With these newly increased legislative majorities there is no doubt there will be a Democratic move to reversing the increased criminal penalties for fentanyl possession. Why be afraid of public reaction to once again decriminalizing fentanyl since voters strongly vindicated pro-criminal policies in this election?

A new mayor of Denver will be elected in 2023 and there is a strong possibility, even probability, a much more ideological, far-left mayor will be elected. We might be looking back on the glory years of outgoing Mayor Michael Hancock who was no conservative as he presided over the decline of downtown Denver.

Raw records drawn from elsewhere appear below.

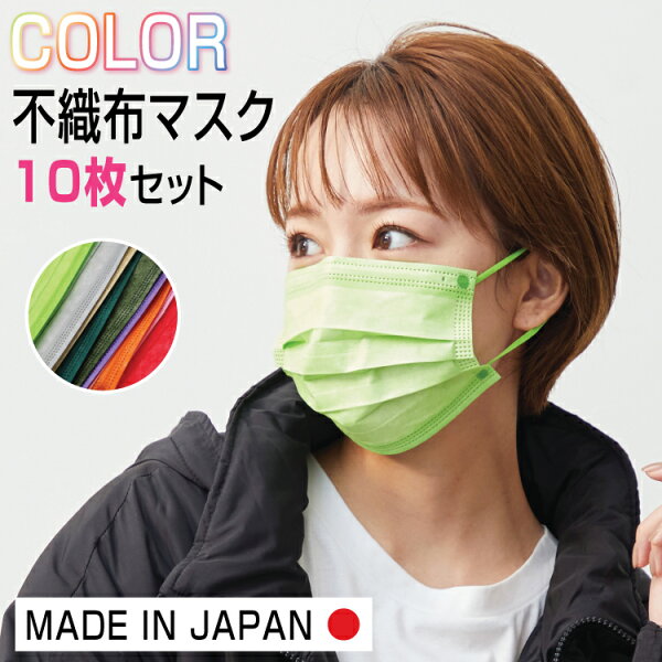 カテゴリ日本製,10枚セット,マスク,不織布マスク,カラーマスク,蛍光,個包装マスク,10枚入,使い捨てマスク,大人用,普通サイズ,三層構造,飛沫防止,花粉対策,防護マスク,男女兼用,女性用,大人用,男性用,中学生用,カラフル,ピンク,ベージュ,赤,オレンジ,おしゃれ,カジュアル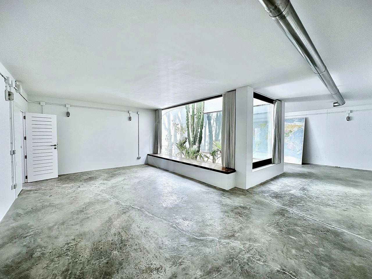 The lower level houses a large multipurpose room, guest toilet, and a closed garage with space for multiple vehicles. This area offers great flexibility for use as a recreational space, storage, or work area.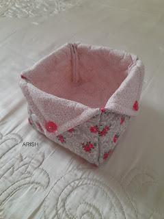 damos nuevamente la vuelta, doblamos los 4 picos, cosemos un botón en cada uno y a disfrutar de la cestita.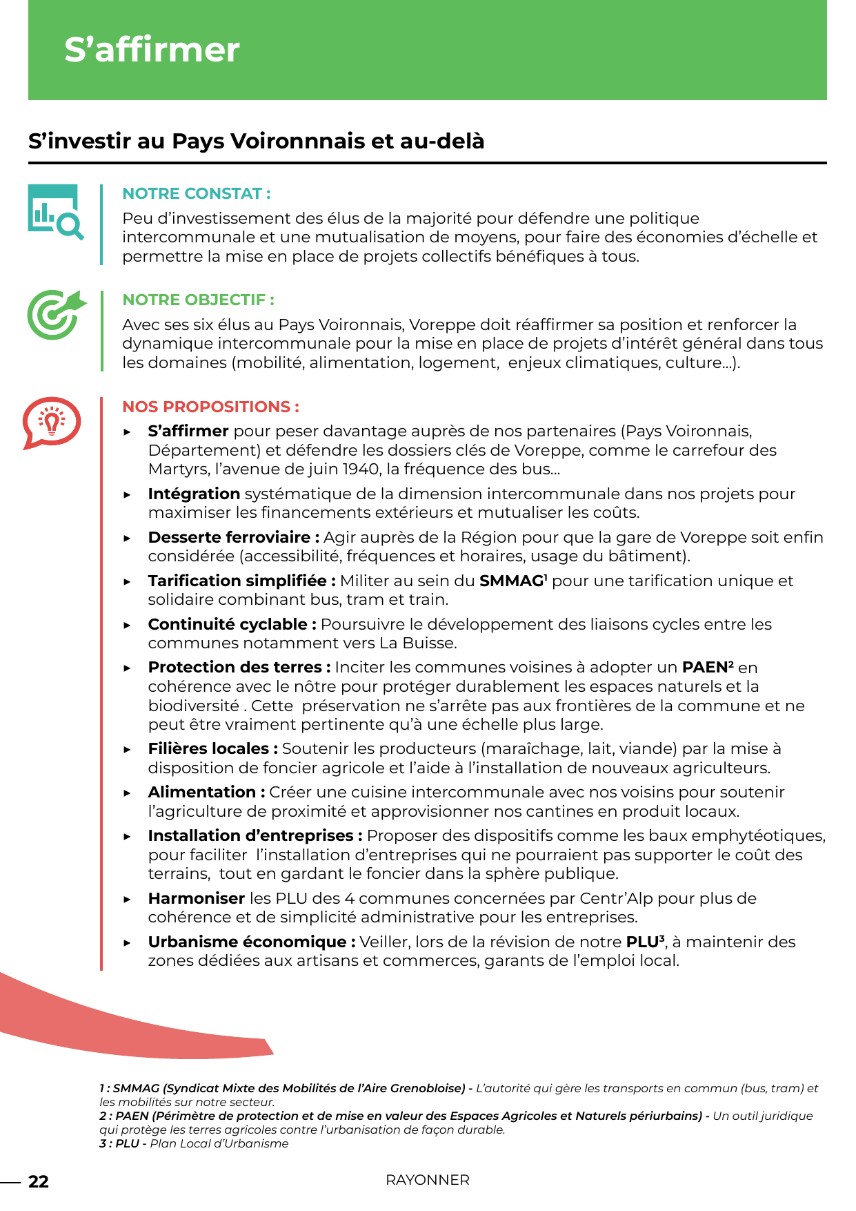 Notre Objectif : Avec ses six élus au Pays Voironnais, Voreppe doit réaffirmer sa position et renforcer la dynamique intercommunale pour la mise en place de projets d’intérêt général dans tous les domaines (mobilité, alimentation, logement, enjeux climatiques, culture…).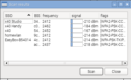 Wir klicken auf Scan, um die verfügbaren Netzwerke in Reichweite anzeigen zu lassen.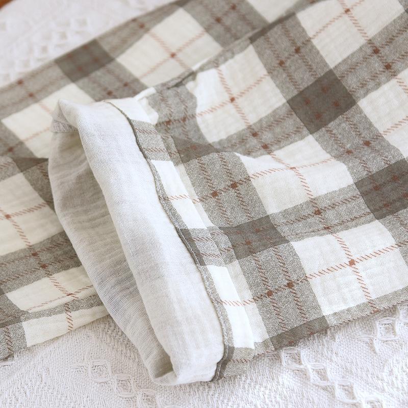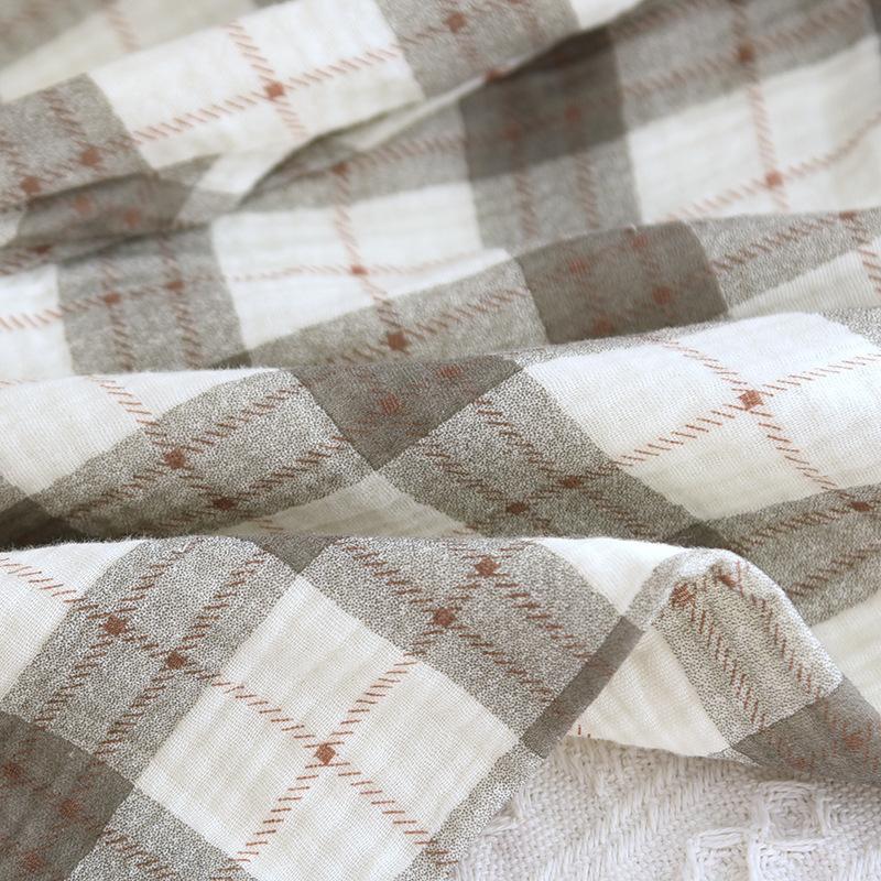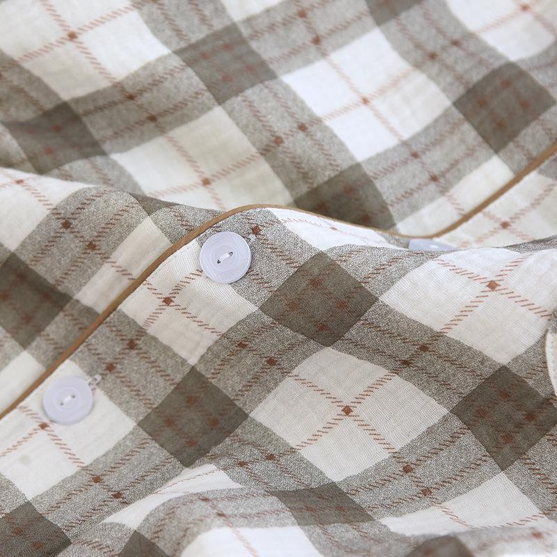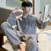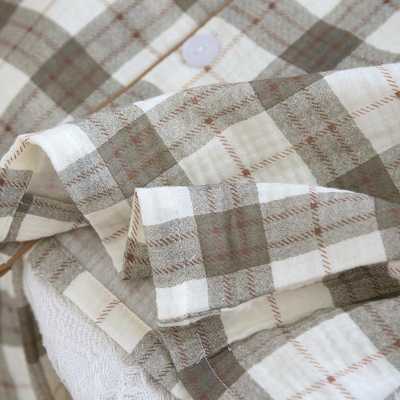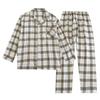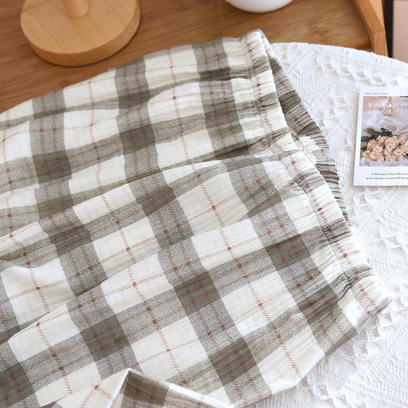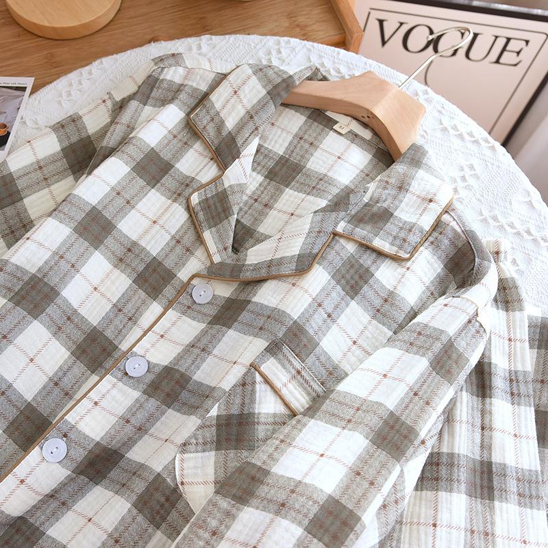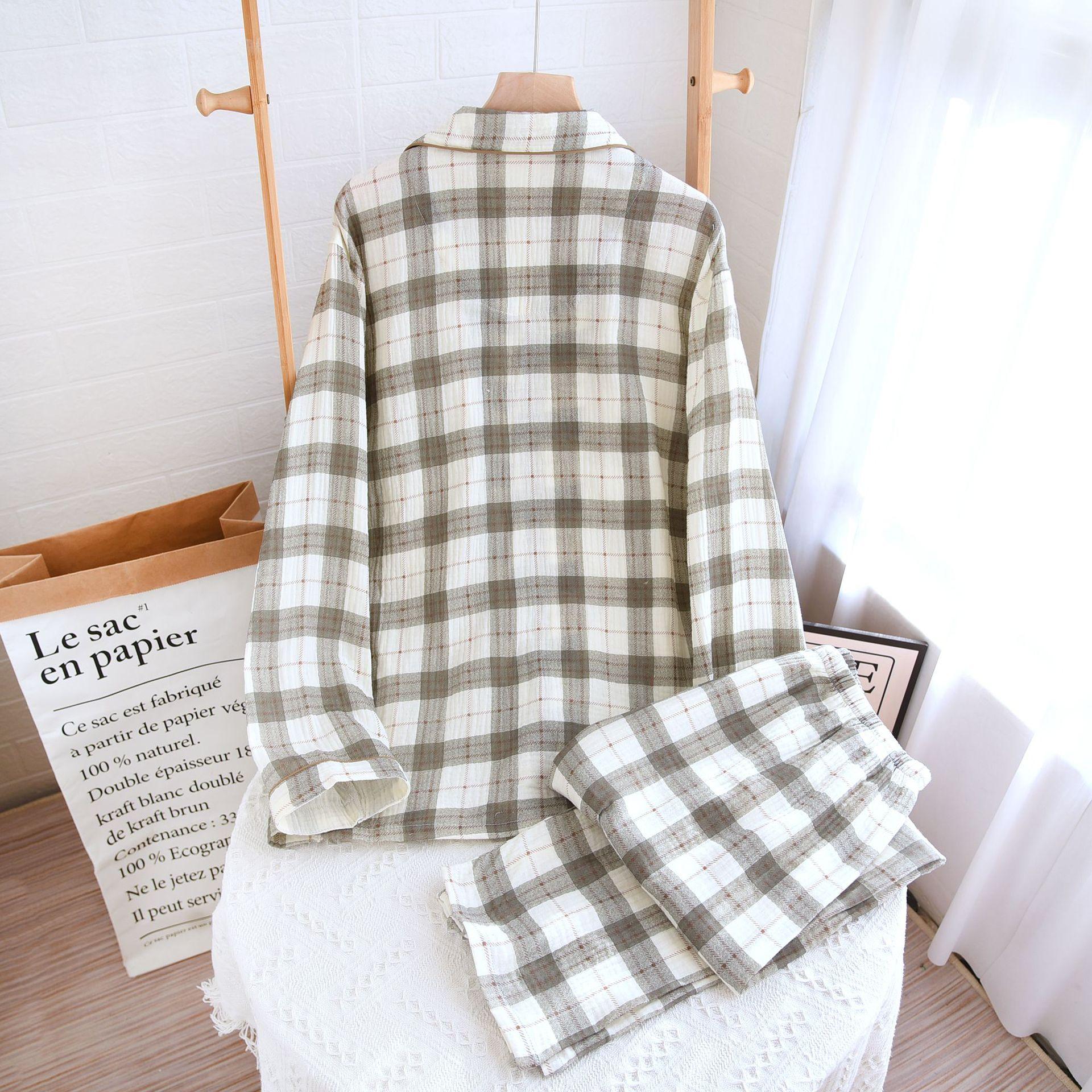 Primavera, Verano y Otoño Cuatro Estaciones Nuevo Traje de Pijama de Cuadros de Crepé para Hombre Hilado de Algodón de Doble Capa Ropa para el Hogar Casual y Sencilla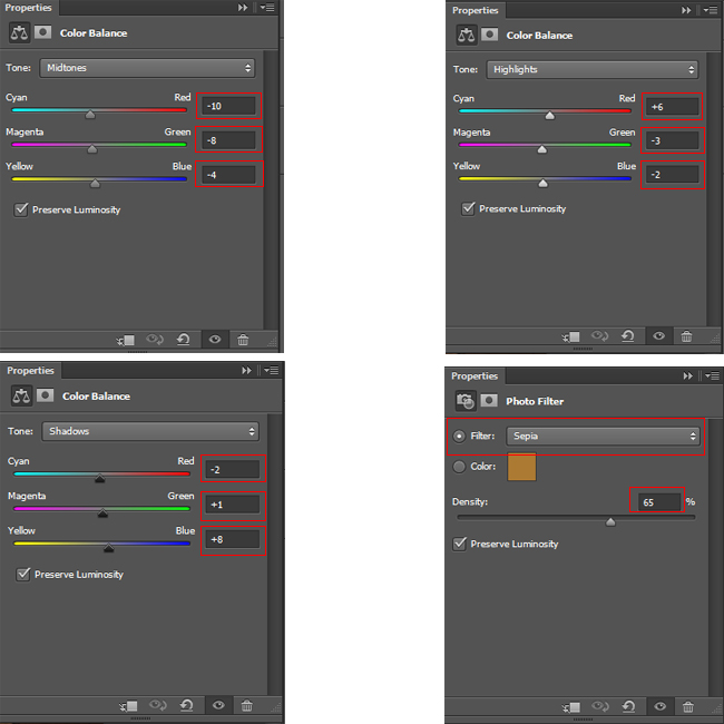 For the final touches you can use the High Pass filter to sharpen the image. Adding a Gradient Map, blend mode Color and opacity around 30% , you can easily change the color tones of your image.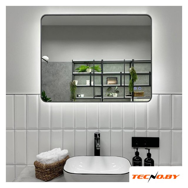 зеркало, с подсветкой, подвесная установка, ширина: 90 см

So what is the opportunity for Colorado Republicans in future elections?

There is no major statewide race on the ballot in 2024 other than president. Given the results of the past three elections, it is difficult to see how Colorado will be seen as a swing state worthy of competing by both parties especially if Trump is once again the Republican presidential nominee.

But the Democrats could actually nominate the doddering Joe Biden for another term or the hapless Vice President Kamala Harris. Republicans might have the foresight to offer a younger, dynamic candidate with a record of electoral success such as Florida Gov. Ron DeSantis, who was re-elected this week by a 20-point margin. Colorado might be in play.

Meanwhile, an out-of-control, pro-criminal Democratic legislature might actually go too far even in the minds of the unaffiliated voters who stood by them in 2022. Hope springs eternal.

But make no mistake about it. Colorado has fundamentally changed in the past 10 years and at least for right now, this is not a competitive state.

The once-great state of Colorado is declining and this election has accelerated that decline.

Dick Wadhams is a Republican political consultant and a former Colorado Republican state chairman.